ジャパンダイジェスト

失業手当で月額4500ユーロ! from Germany

働かなくても大金が手に?
 働かなくても大金が手に?
無職でも月額4492ユーロ(約72万円)の手取り収入! なんと夢のような話だろう。いや、これが驚くことに現実なのだ。それも支払者は、連邦雇用庁。ベルリンに住む40代前半の男性の口座には、2005年以来毎月、失業手当として上記額が振り込まれていたのである。
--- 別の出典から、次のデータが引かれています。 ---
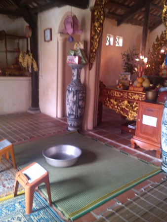 NHÀ Ở CỦA 3 THẦY TRÒ CHÙA PHÙ NGỰ TRONG 10M2. NHÀ Ở CHẬT HẸP, BÊN PHẢI (NHÌN VÀO) LÀ NHÀ KHÁCH ĐÃ XUỐNG CẤP, NÊN THƯỜNG NGÀY PHẢI TIẾP KHÁCH Ở NGOÀI SÂN.

4492ユーロの内訳はというと、家賃と光熱費が1300ユーロ、夫妻の生活費として624ユーロ、15歳未満の子ども1人あたりに208ユーロ、15歳以上の子ども1人あたりに278ユーロなど……。これがなぜ約4500ユーロもの高額になるのだろうか。実はこの男性には子どもが11人いるというのが「からくり」。15歳未満が7人、15歳以上が4人で、締めて4492ユーロになるという寸法だ。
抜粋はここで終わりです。